***** Records shown
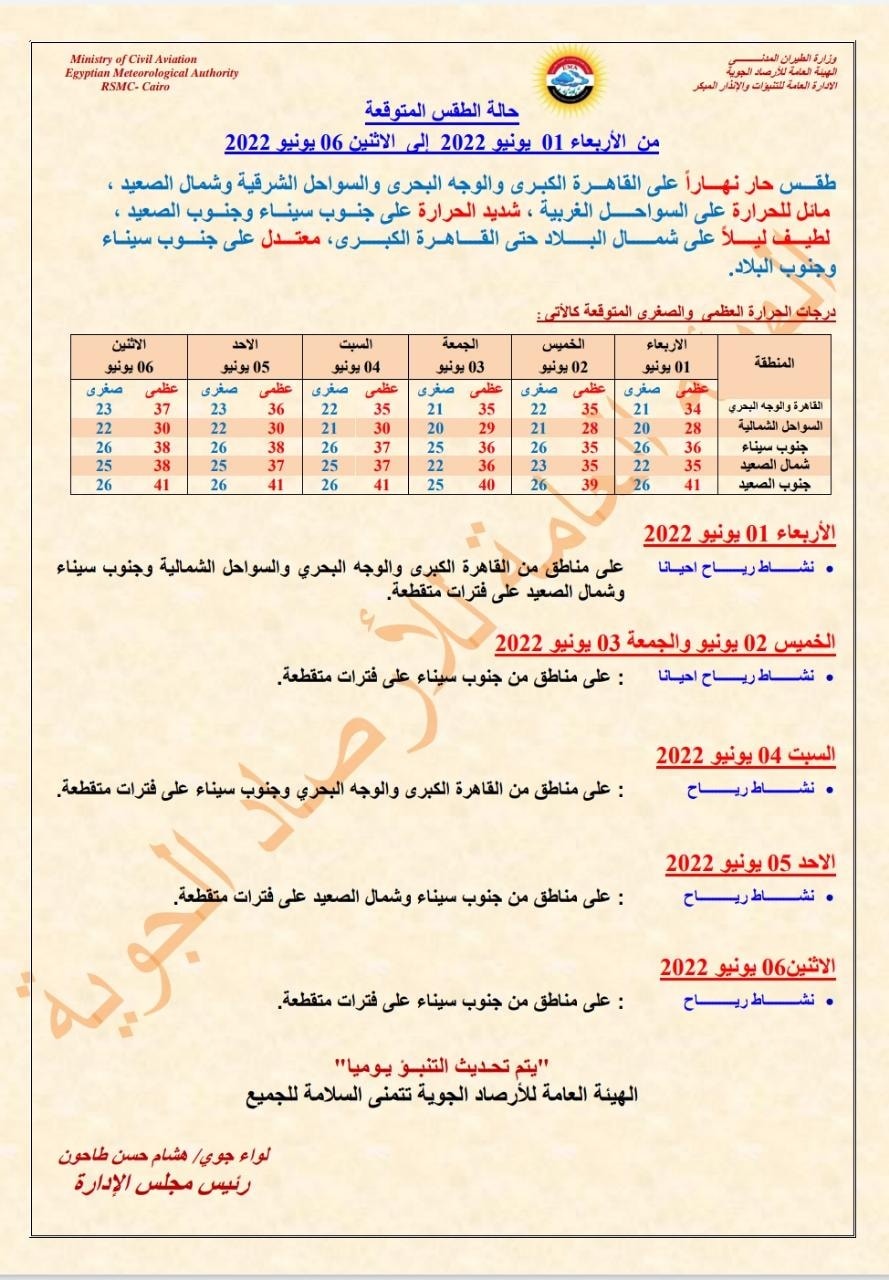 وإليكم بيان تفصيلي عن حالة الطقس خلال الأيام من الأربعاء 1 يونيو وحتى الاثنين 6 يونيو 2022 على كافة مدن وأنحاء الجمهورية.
**********
***** Records shown
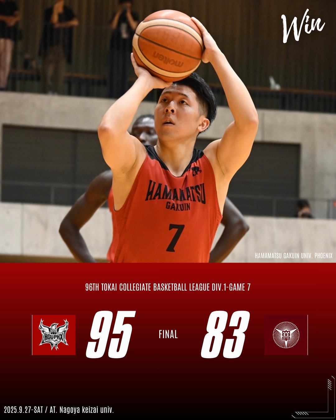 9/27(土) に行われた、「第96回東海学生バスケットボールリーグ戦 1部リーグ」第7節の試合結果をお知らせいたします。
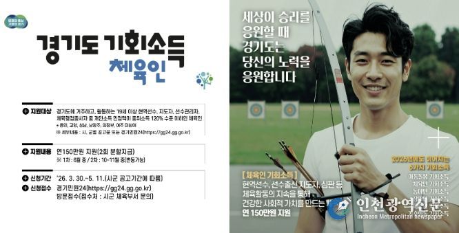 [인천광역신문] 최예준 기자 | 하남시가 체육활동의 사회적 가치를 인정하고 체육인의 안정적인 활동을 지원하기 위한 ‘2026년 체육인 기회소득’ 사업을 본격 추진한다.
**********
What the task requires
From the records above, output only the lines starting at the one containing "9/27(土) に行われた、「第96回東海学生バスケットボールリーグ戦 1部リーグ」第7節の試合結果をお知らせいたします。" and ending at the one containing "[인천광역신문] 최예준 기자", word for word. Pictures stay out.

Answer section
 9/27(土) に行われた、「第96回東海学生バスケットボールリーグ戦 1部リーグ」第7節の試合結果をお知らせいたします。
 [인천광역신문] 최예준 기자 | 하남시가 체육활동의 사회적 가치를 인정하고 체육인의 안정적인 활동을 지원하기 위한 ‘2026년 체육인 기회소득’ 사업을 본격 추진한다.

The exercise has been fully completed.